▸ **EXERCISE AIM**: Output each line exactly as written, from the first line of the records to the line bearing "Толстовка с 3D", inclusive, while leaving every picture out.
INPUT DATA below:
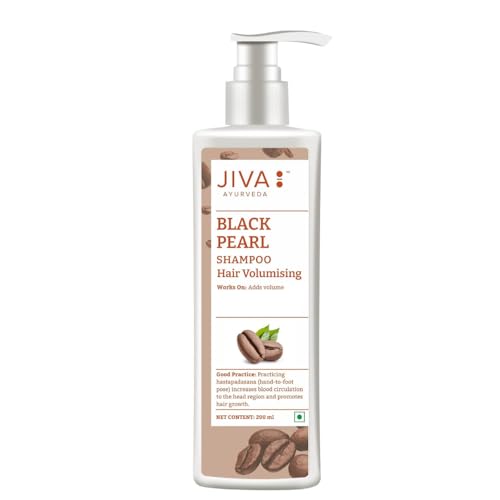 BLEND OF 12 POTENT HERBS: Jiva Black Pearl Shampoo is a blend of natural hair volumising herbs like Haritaki Vidang Bakuchi Saunf Kalonji Mehandi Anaar Mayaphal Khadira Vibhitaki Bhumi Amla Coffee and Black Walnut. This potent mix of natural herbs helps m
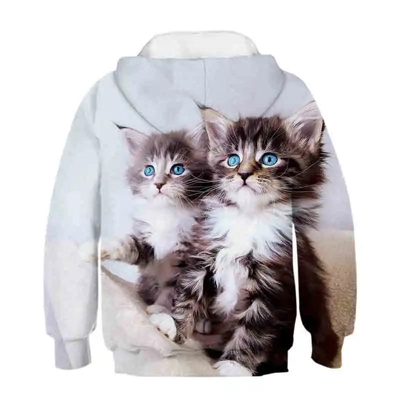 Толстовка с 3D рисунком кота, детские толстовки для мальчиков и дев...
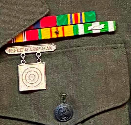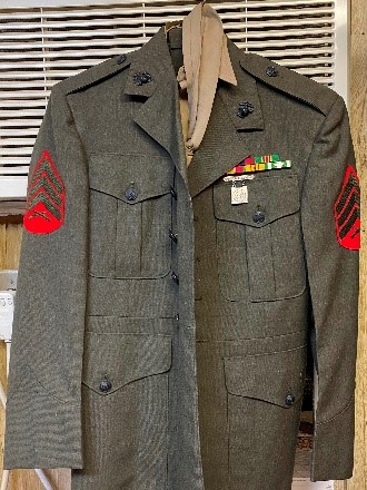 A couple of weeks ago I stopped by the Hut to check on something and I found, hanging on the Hut doorknob, a U.S. Marine Uniform that includes a Jacket, Shirt, Tie, insignias, and Medals. I asked all the Guys at the Hut and none of them had any idea where the uniform came from. All the Legionnaire said I should put it in the paper and maybe whoever left it at the Hut will come forward and let us know who the uniform belonged to. According to the stripes on the jacket sleeve the Marine was a Sergeant and the ribbons on the front of the jacket are the Bronze Star, Navy Meritorious Unit Commendation Ribbon, National Defense Ribbon, Vietnam Service Ribbon, and the Vietnam Campaign Ribbon. A picture of the uniform is posted bellow.
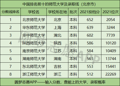 全国排名前十的师范类大学中:在北京录取分数线最低的是浙江师范大学,2021年投档分为512分,最低位次为22269名。
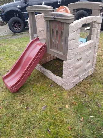 Selling a good conditionstep 2 brandwoodland climber kids jungle gym style play station.has rock climbing steps on both sides and steps and slide.measures approximately 4 ftx 5 ft and 5 ft tall. Has so.e areas wheres kids scribbled on it with markers so could possibly be cleaned if its a concern. No damage other than that.recomended for ages 2-6. 50.00. Call 206-276-7028 thx
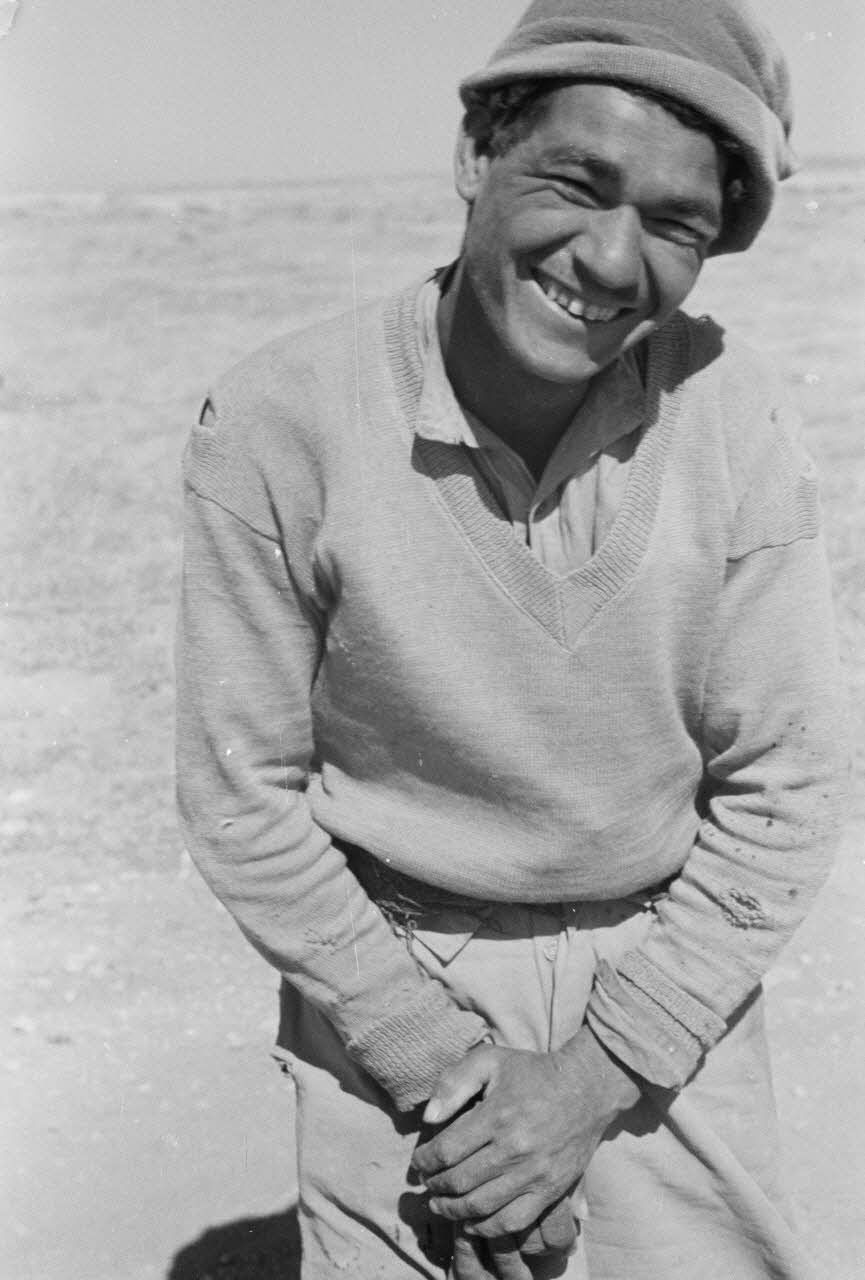 En Libye, un ouvrier libyen participe à la construction d'un terrain d'aviation occupé par la Luftwaffe.
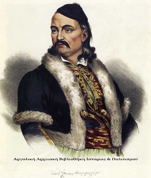 Μαυρομιχάλης Πετρόμπεης (1765 ή 1773 – 1848) » Πετρόμπεης Μαυρομιχάλης. Μπέης της Μάνης. Πρόεδρος του Εκτελεστικού της Προσωρινής Διοίκησης της Ελλάδας το 1822. Επιζωγραφισμένη λιθογραφία, Adam Friedel, Λονδίνο – Παρίσι, 1830.
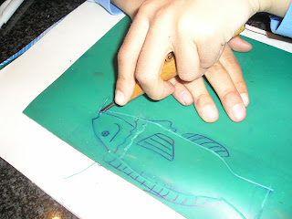Da un materassino per mouse abbiamo ritagliato le lettere-timbro per comporre la parola “ICTYS”…
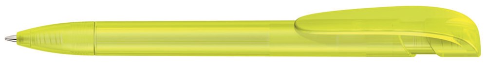 Druckkugelschreiber mit transparent gefrostetem Gehäuse, Spitze und breitem Bogenclipdrücker.
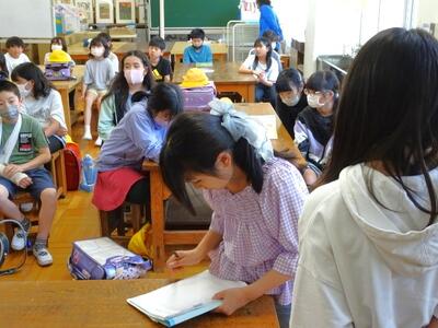 【5年生】1枚目の写真は、道徳の時間の様子です。「みんなといっしょに 前へ前へ」という教材をもとに、グループで話し合いを行っています。さすが5年生まとめるのも上手です。
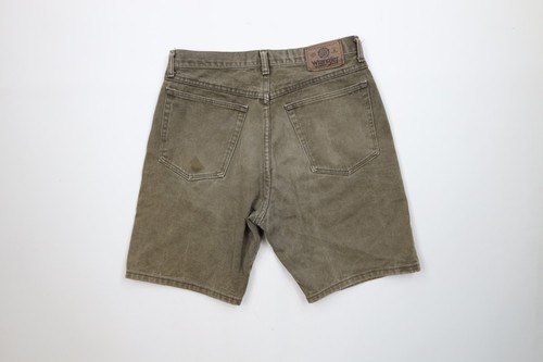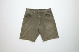 Vintage 90s Wrangler Mens 32 Distressed Above Knee Denim Jean Shorts Green USA added to cart.
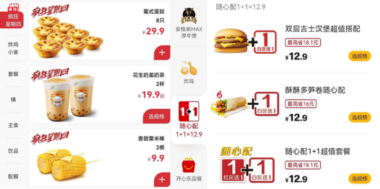 肯德基“疯狂星期四” VS 麦当劳“1+1随心配”
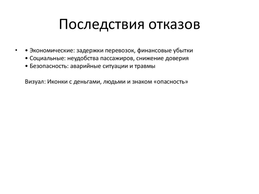 Последствия отказов• Экономические: задержки перевозок, финансовые убытки
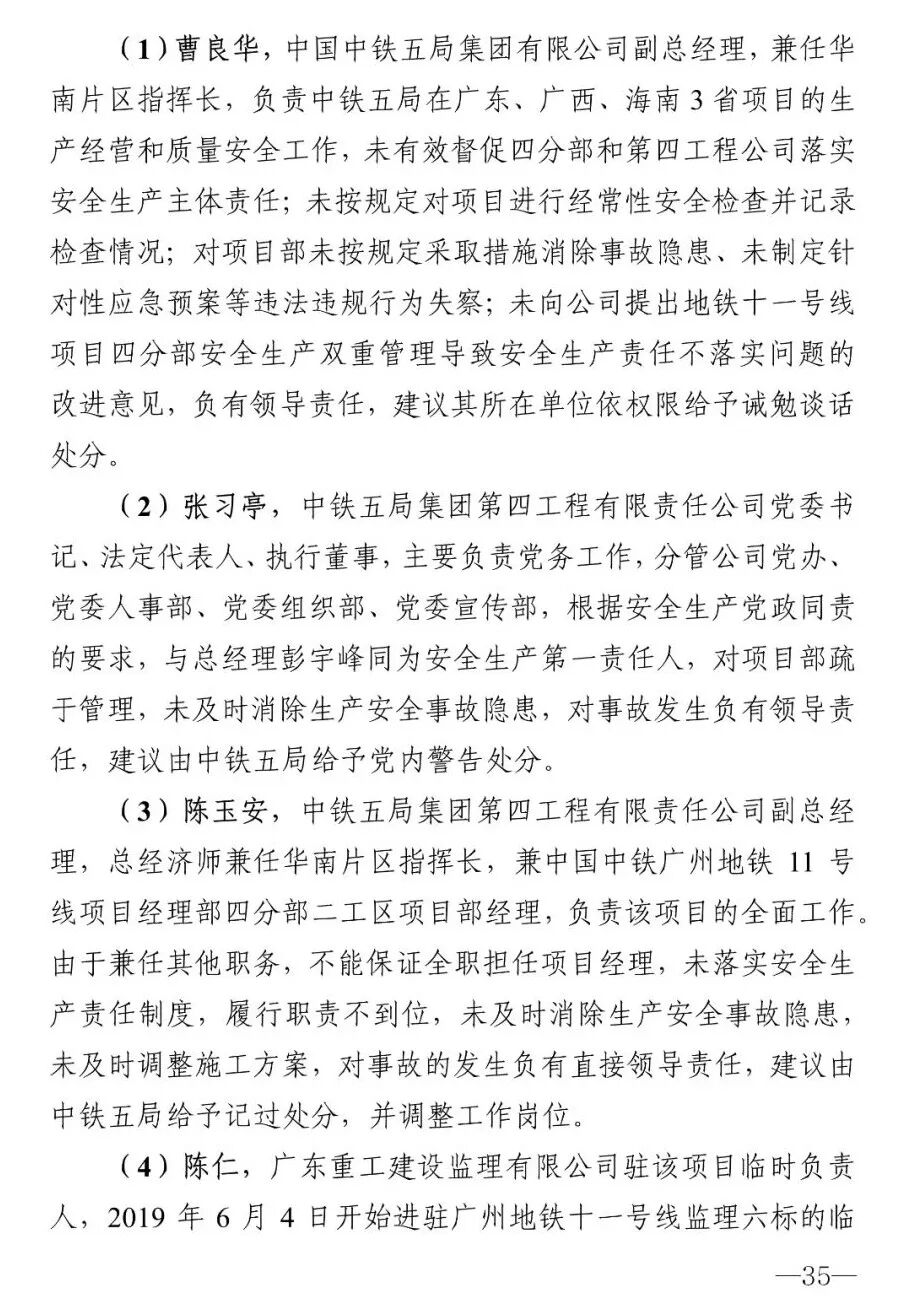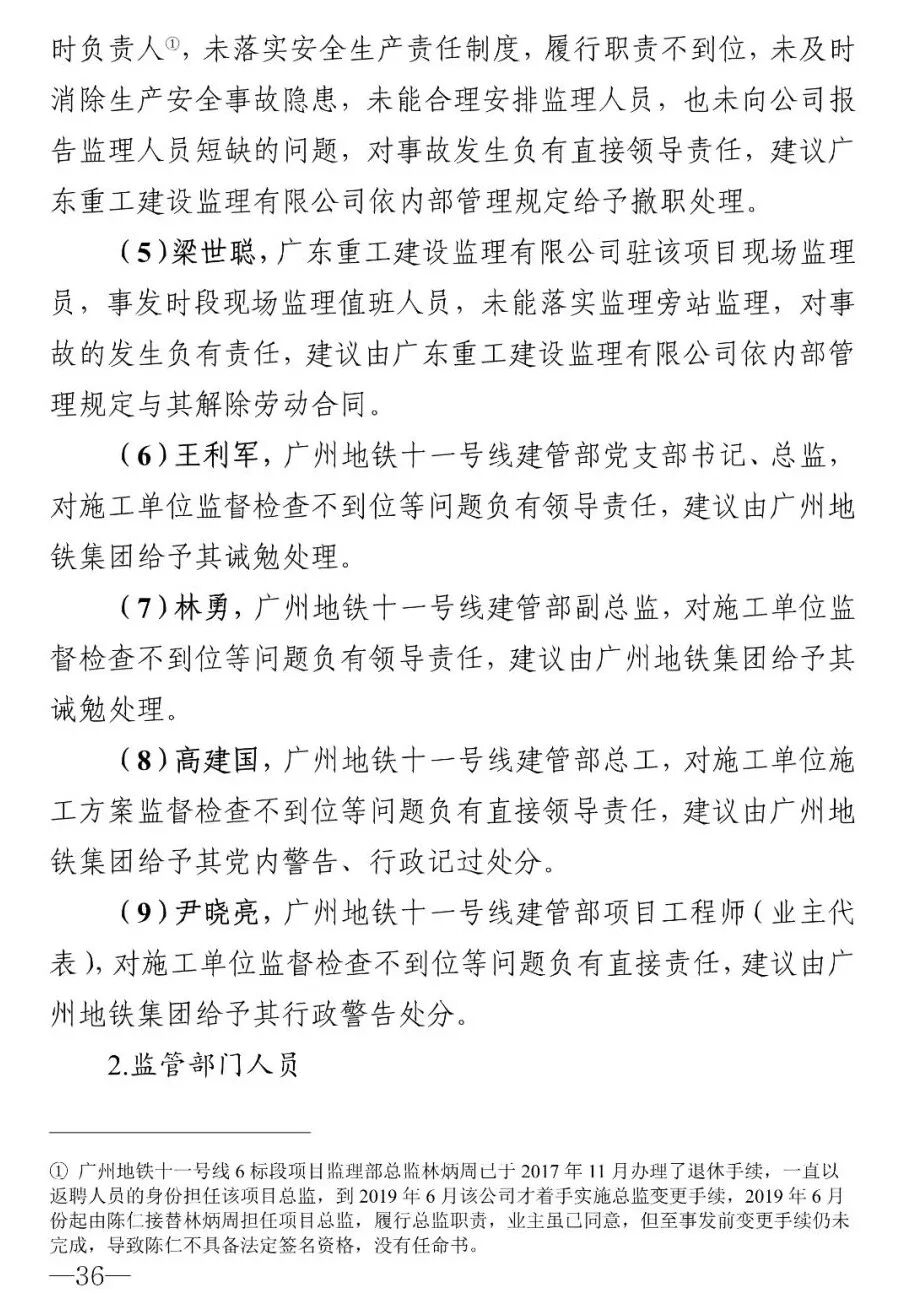 上述2人對事故的發(fā)生負(fù)有直接責(zé)任。因涉嫌刑事犯罪,建議由公安機(jī)關(guān)依法追究其刑事責(zé)任。建議待司法機(jī)關(guān)依法作出處理后,由涉事企業(yè)和行業(yè)主管部門按照管理權(quán)限及時給予相應(yīng)的處理。
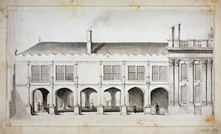 The late medieval Guildhall was located on the west side of Broad Street near St John's Gate. Fortunately some illustrations survive though the building was demolished in the mid-nineteenth century and replaced by a more lavish Victorian Gothic building, smaller by a third than the older hall.
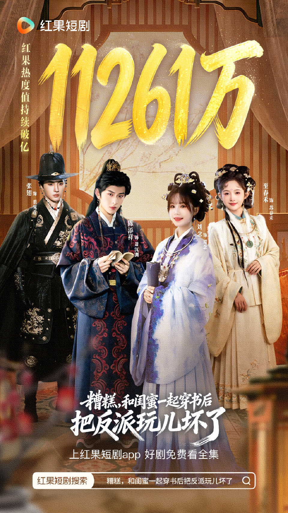 《糟糕,和闺蜜一起穿书后把反派玩儿坏了》以反套路喜剧突围,刘念、至春禾饰演的闺蜜联手坑惨陈添祥饰演的霸总反派,密集笑点与夸张演技成合家欢首选,2月15日上线后热度飙升。
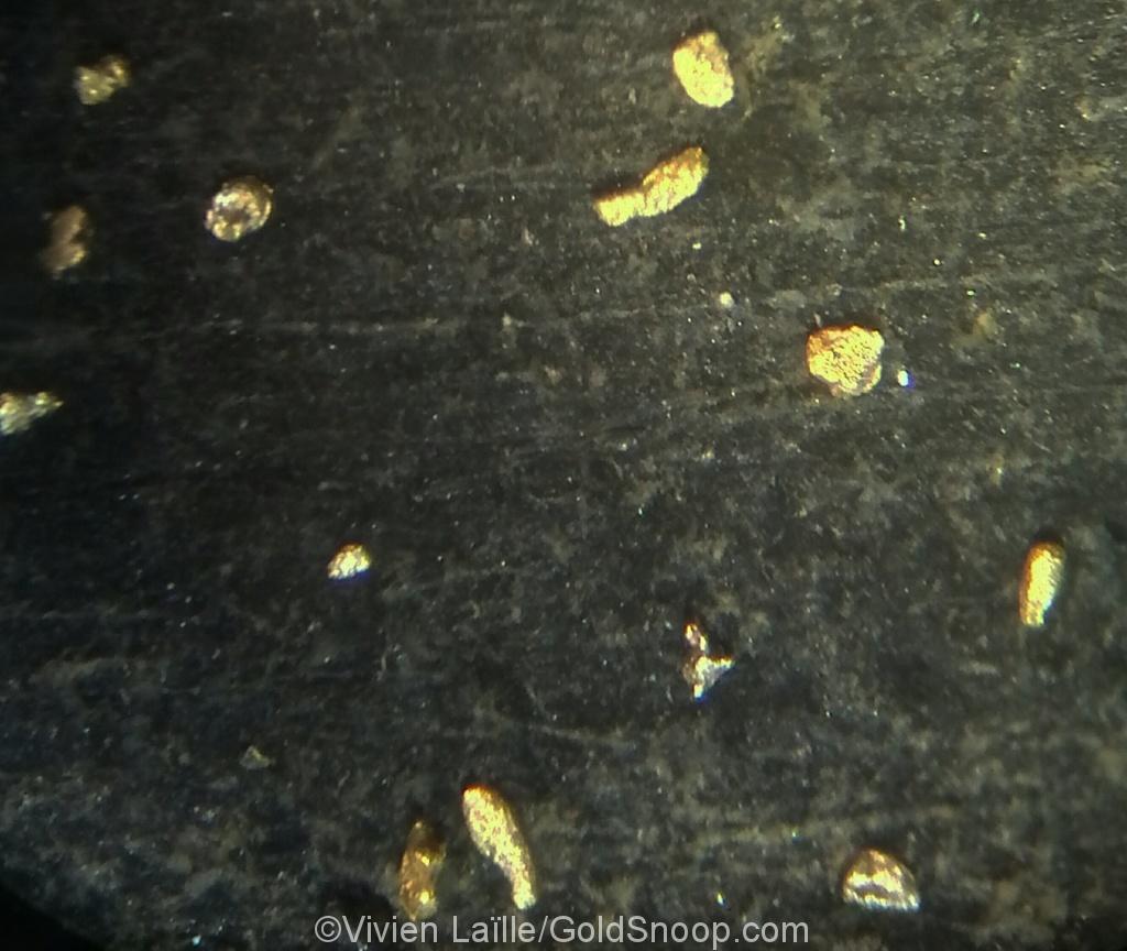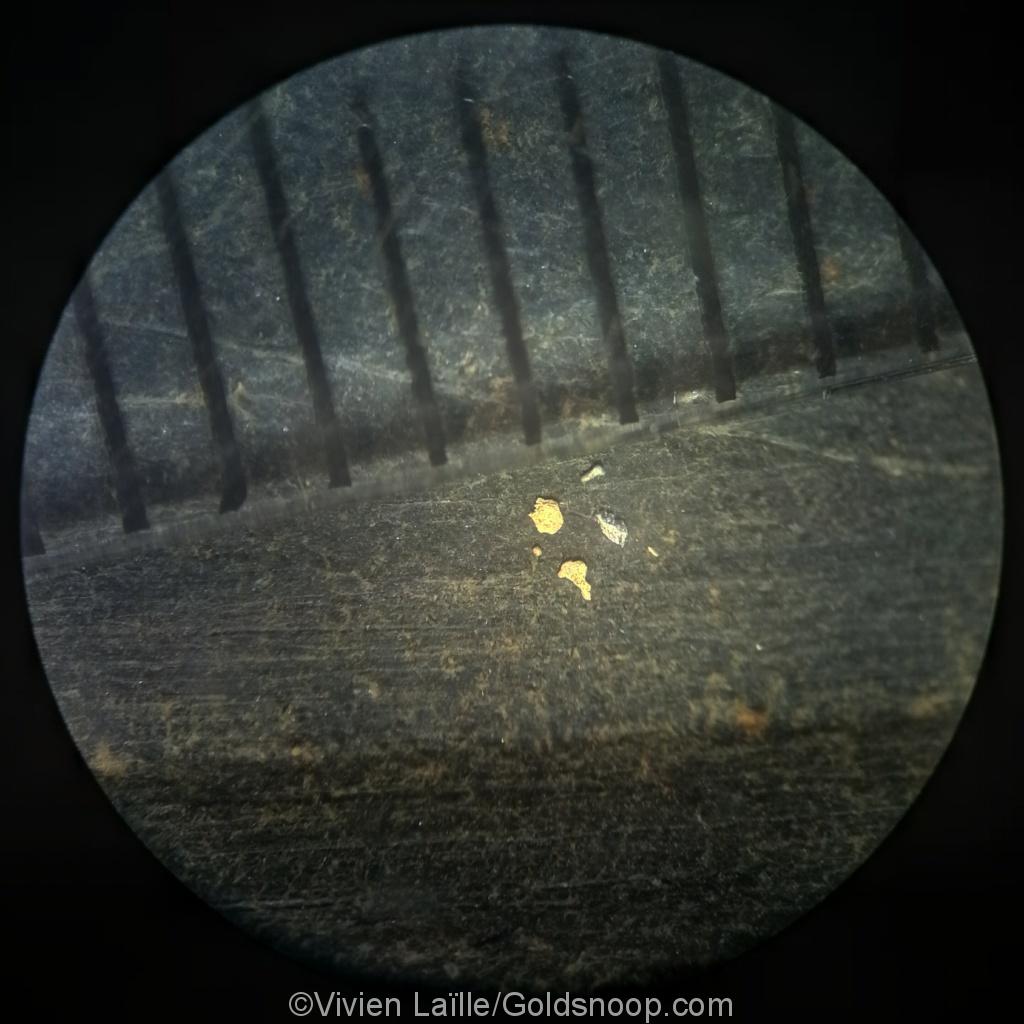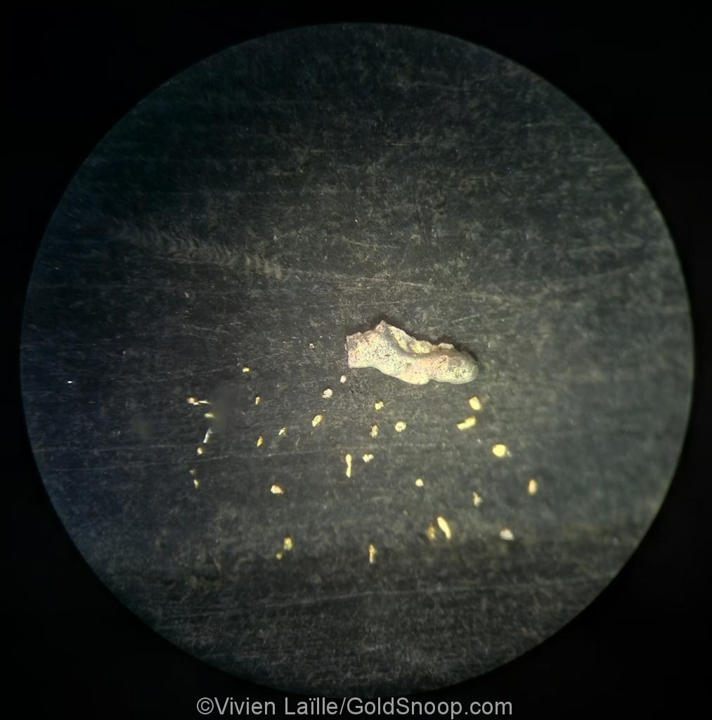Un test d’échantillonnage très prometteur, car très positif ; en tout la présence d’une quarantaine de paillettes fines qui ont été découvertes dans un seul et unique pan, composé d’un sable très fin et riche en sables noirs, très métallique.
End of INPUT DATA.
▸ **THE ANSWER**:
 BLEND OF 12 POTENT HERBS: Jiva Black Pearl Shampoo is a blend of natural hair volumising herbs like Haritaki Vidang Bakuchi Saunf Kalonji Mehandi Anaar Mayaphal Khadira Vibhitaki Bhumi Amla Coffee and Black Walnut. This potent mix of natural herbs helps m
 Толстовка с 3D рисунком кота, детские толстовки для мальчиков и дев...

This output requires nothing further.